In Ref. 41, the authors found out that a thin protective film forms, amplifies and disappears along with the rise of MoS₂ nano concentration, so 1.5% nano concentration is not proper for forming the thin protective film. However, we have to make more studies to prove and will discuss in the next paper. We highly appreciate the reviewer’s comment.

 

 

(a)	(b)

Figure 1. Microstructure (a) and profile (b) of machined surface under MQCL condition with pure emulsion-based fluid. (Please see Ref. 19)

  

(a)	(b)

Figure 2. Microstructure (a) and profile (b) of machined surface under MQCL condition with emulsion-based nanofluid of MoS₂ 0.5wt%. (Please see Ref. 19)

 

6. Why 110 m/min contributed to the lowest cutting force?

Answer:

We chose the range of investigated cutting speed, which was based on our previous studies. From the obtained results, the relation between the cutting speed and cutting force reflects the growing trend from 90 m/min to 100 m/min, and the cutting forces reduce when rising from 100 m/min to 110 m/min. This observation also fits with the other studies [2] (please see the following image). The cutting forces will continuously reduce with the increase of cutting speed. However, the cutting speed could not be risen to higher levels because we want to ensure the proper tool life. Furthermore, this range of cutting speed is much higher than that of manufacturer’s recommendations.

  

Reviewer 3 Report

It is recommended that authors refer to plasma cutting, high-pressure water cutting and electro-drilling.
The purpose of the study should be stated in the abstract and Introduction.
It is necessary to add a few sentences explaining the exfoliation method - because the article is also for laymen.

What do the authors understand by the term technical, economical and environmental characteristics? - it rather needs to be specified.
Is it possible to ensure the dimensional stability of the object as a result of such machining - are there residual surface stresses and how to counteract them?
Has been agglomeration of MoS2 nanoparticles observed during processing?
In: ‘2.1. The Production of MoS2 Nanoparticles’ – it is needed to more accurately provide pore distribution (standard deviation).
Figure 1 – it is needed to enter the exact Raman shift peak values ​​in Figure.
Was the contact temperature or near the contact temperature monitored during processing?
Were humidity and dustiness controlled?
Figure 5 - which means 'C, AA, A, CC, B, BB' - it is better to also put explanations in the figure caption.
Could the effect of hardness and concentration of MoS2 nanoparticles on cutting forces be compared to the results characteristic of similar machining? - this is rather a recommendation.

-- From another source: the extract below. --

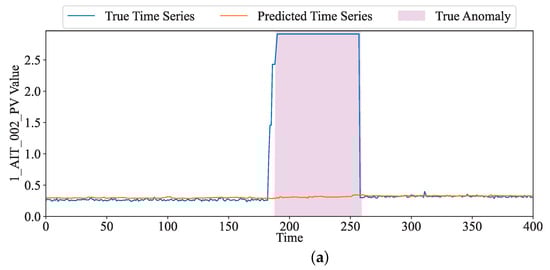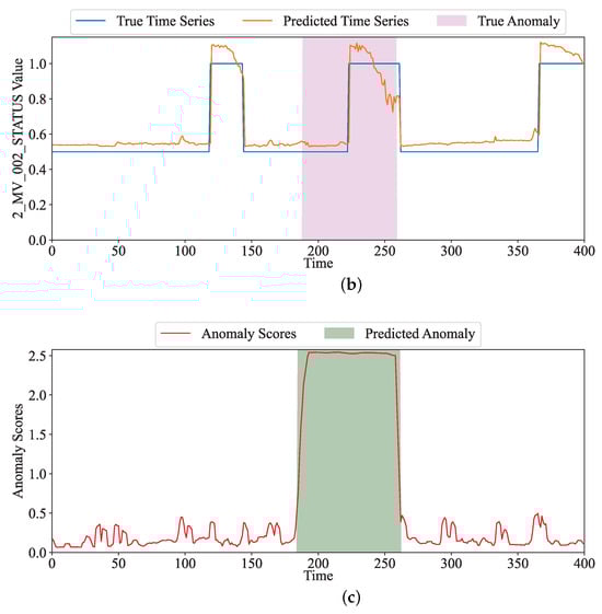 As shown in Figure 5, we selected the dimension DPIP-301 in the SWaT dataset to show how to locate and interpret anomalies. In Figure 5a, the red curve represents observed values and the blue curve represents predicted data using our method. The pink block indicates the true anomalous time. Between 320 and 420 in the time dimension, there is an obvious difference between the real and predicted values, and we can see that the sensor may be under attack during this time. Figure 5b displays the anomaly score and the location of the predicted anomalies. Specifically, as shown in Figure 5b, the anomaly score increases significantly during this period. We find that the true anomalies and our judged anomalies are the same. In the real scenario, DPIT-301 was attacked during this period. The attacker modified the value of the sensor, which would lead to the wrong execution of its subsequent sensors, then causing security incidents. Figure 6 shows the observed and predicted values of our model for sensors 1_AIT_002_PV and 2_MV_002_STATUS, as well as the abnormal score and abnormal judgments given by the model during this period. From the attack description, we obtain that the attack lasted for 11.38 min; the attacker set 1_AIT_002_PV to 6 in order to supply contaminated water to the Elevated Reservoir tank. Meanwhile, 2_MV_003_STATUS was opened. In Figure 6b, our method can reflect the state of 2_MV_002_STATUS well, which is consistent with the actual state. However, although the attacker set the sensor 1_AIT_002_PV as 6 (as shown in Figure 6a); different values based on the inputs are predicted by means of the model. Due to the significant difference between observation and prediction, we obtained a larger abnormal score during this period, and the system was judged under attack during this time (as shown in Figure 6c).
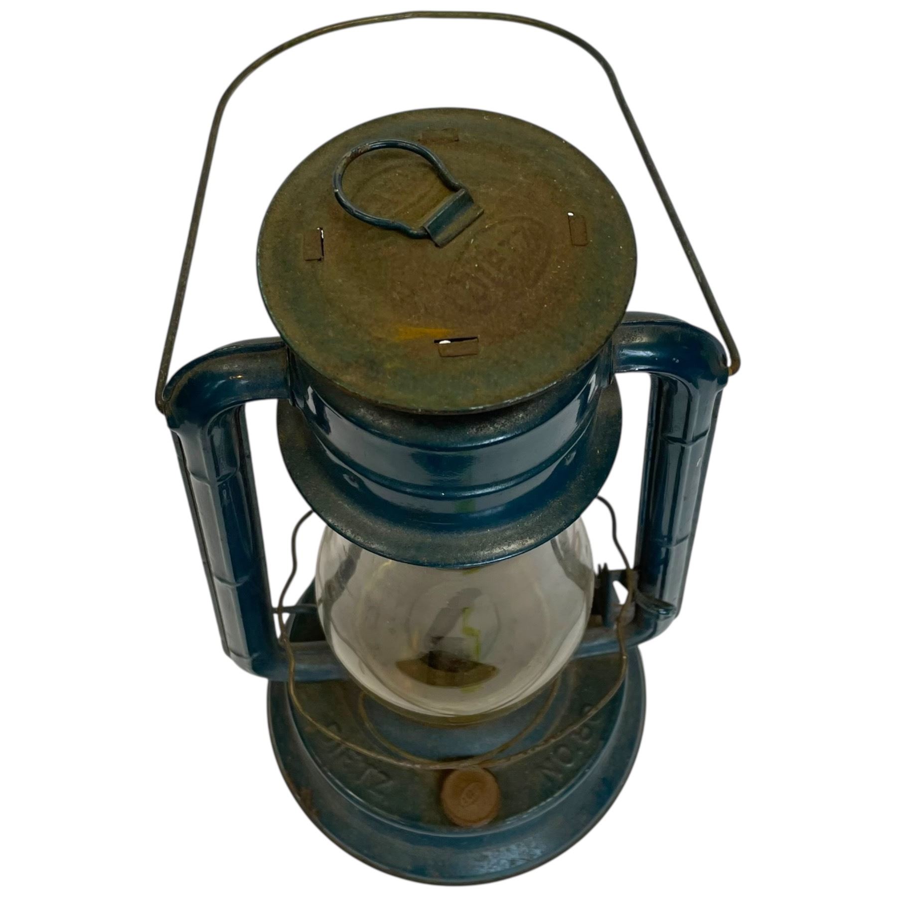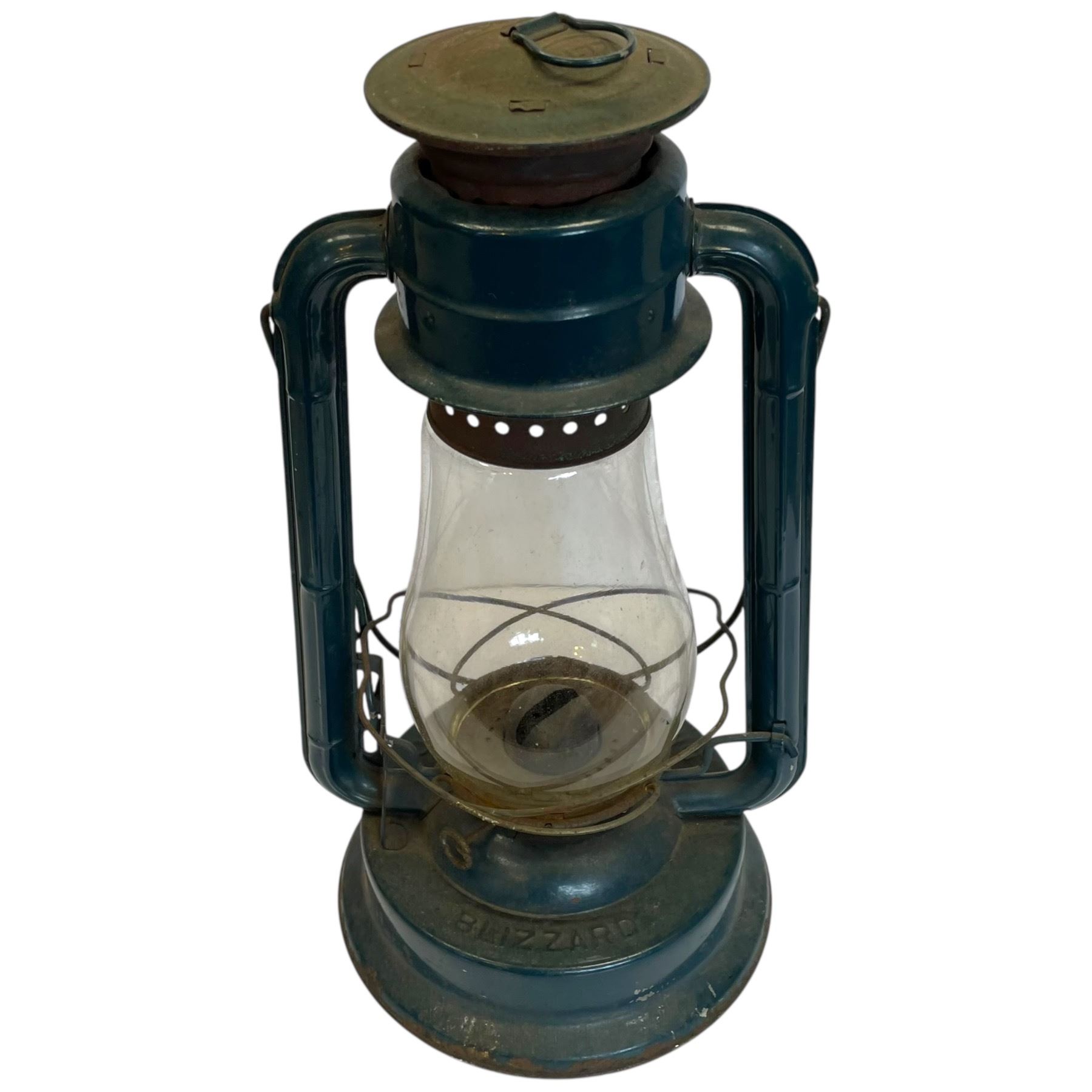 Dietz No 80 Blizzard kerosene lantern measuring 15-Inch tall with blue finish. Designed for outdoor use in harsh weather conditions. Features wide globe and sturdy frame for optimal durability. Originally introduced by Dietz in the mid-20th century. Item is as pictured.

Style of References need correction

Author Response

RESPONSE TO THE REVIEWER 3

We are very grateful for the reviews provided by the editors and each of the external reviewers of this manuscript. Please see below, our detailed responses to comments.

1. It is recommended that authors refer to plasma cutting, high-pressure water cutting and electro-drilling.

Answer:

The authors would like to say thank you for your suggestion of non-traditional cutting processes. In order to machine difficult-to-cut materials, many approaches have been proposed and studied, which include grinding and hard machining processes by using geometrically defined cutting tools, such as hard turning, hard milling, and hard drilling, and non-traditional cutting processes. In this study, the authors aim to study MQCL using nanofluid assisted hard milling process in order to improve the machining performance.   

2. 
   The purpose of the study should be stated in the abstract and Introduction.

Answer:

The purpose of the study highlighted in red color is stated in the abstract and introduction in the revised manuscript following the reviewer’s comment.

3. 
   It is necessary to add a few sentences explaining the exfoliation method - because the article is also for laymen.

Answer:

Revised accordingly:

The temperature dramatically dropped from 80^oC to -196^oC when the MoS₂ solution was immersed in liquid N₂. This prompt temperature decreasing not only expand the MoS₂ but also allow the intercalation of both K⁺ ions and N₂ gas into the interlayer resulting in exfoliating MoS₂ nanosheets under the sonication synergistic.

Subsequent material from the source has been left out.